Nokia Q1 2015 results published
Nokia has published its interim results for the first quarter of 2015. With the mobile phone division having been part of Microsoft for some months now, this leaves the Nokia Networks Nokia Technology as the two elements of the company.
There was strong year on year sales growth for both divisions but there was weak profitability within Nokia Networks but this was compensated by good performance in Nokia Technologies
The Nokia Networks division of the company saw 15% net sales growth in four out of its six regions. Also the non-IFRS, International Financial Reporting Standards, operating margin declined from 9.3% to only 3.2%. The company stated that this 61% year on year decline in operating profit resulted chiefly from the lower level of software sales, lower levels of system integration and the short term impact of strategic entry deals. There were also impacts from exchange rate variations and the investment in new technology including 5G.

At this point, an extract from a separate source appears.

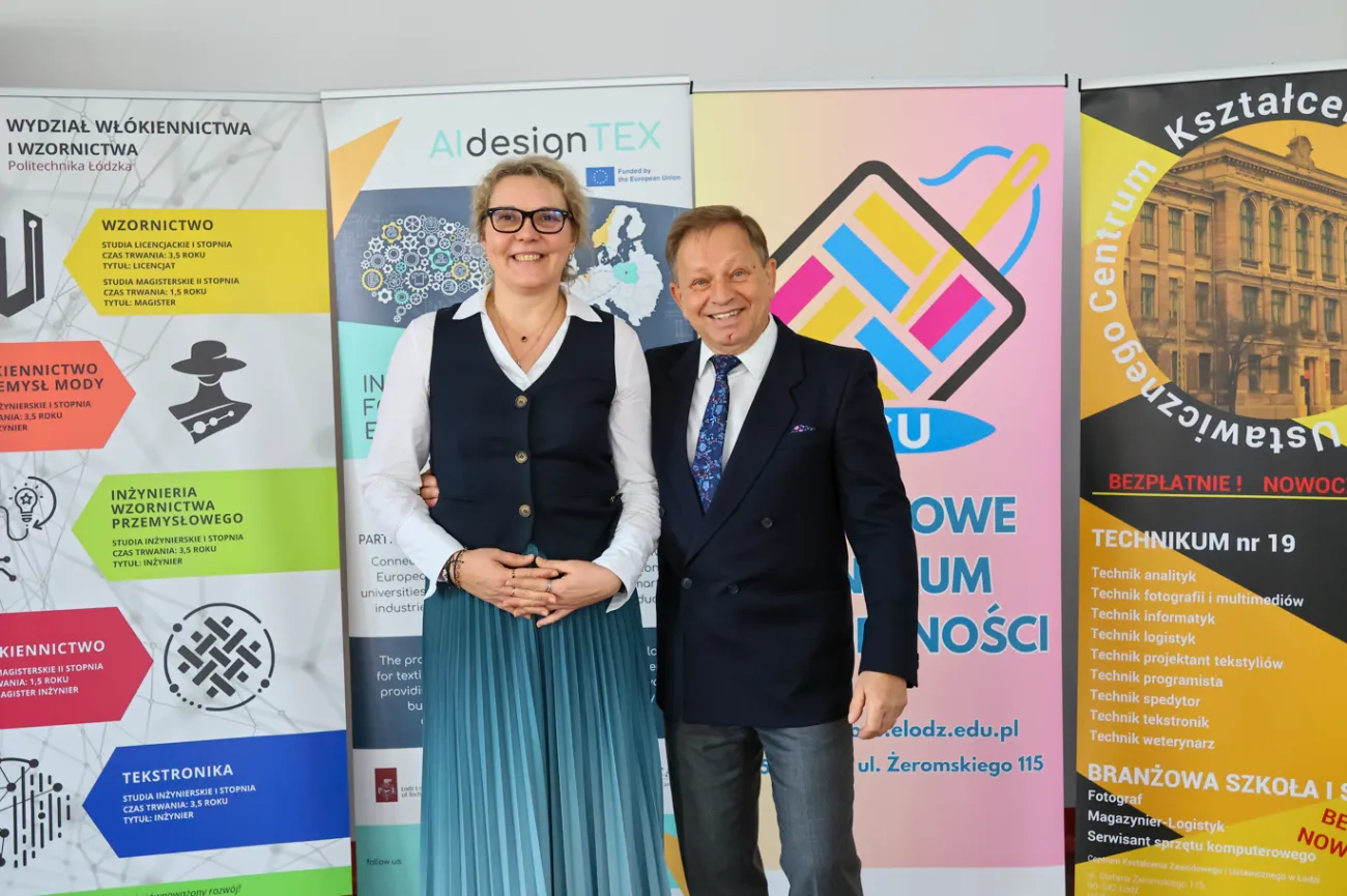 Na zdjęciu: dr hab. inż. Agnieszka Cichocka – Wydział Włókiennictwa i Wzornictwa PŁ oraz Ireneusz Chabrowski – Prezes Stowarzyszenia Włókienników Polskich SWP.

The recently announced acquisition of Alcatel Lucent is obviously starting to have an impact, but the long term gains certainly seem to be promising as the combined entity will be able to have a much large presence in the market than the two individual companies.
Nokia HERE, the division that caters for mapping solutions saw a 25% year-on-year growth in net sales, with 29% year-on-year increase in sales of new vehicle licenses for embedded navigation systems. Also the figures showed that there was a 90% year-on-year growth in non-IFRS operating profit, with non-IFRS operating margin expanding to 7.3% from 4.8%.
Nokia Technologies, the area of the company that deals with the technologies and licensing saw a major level of growth both in terms of turnover and profit. There was a 103% year-on-year growth in net sales and 124% growth in non-IFRS operating profit. The company stated that this was primarily due to non-recurring adjustments to accrued net sales from existing agreements, revenue share related to previously divested intellectual property rights, and intellectual property rights divested in the first quarter 2015. In addition, net sales and non-IFRS operating profit benefitted from higher intellectual property licensing income from existing licensees.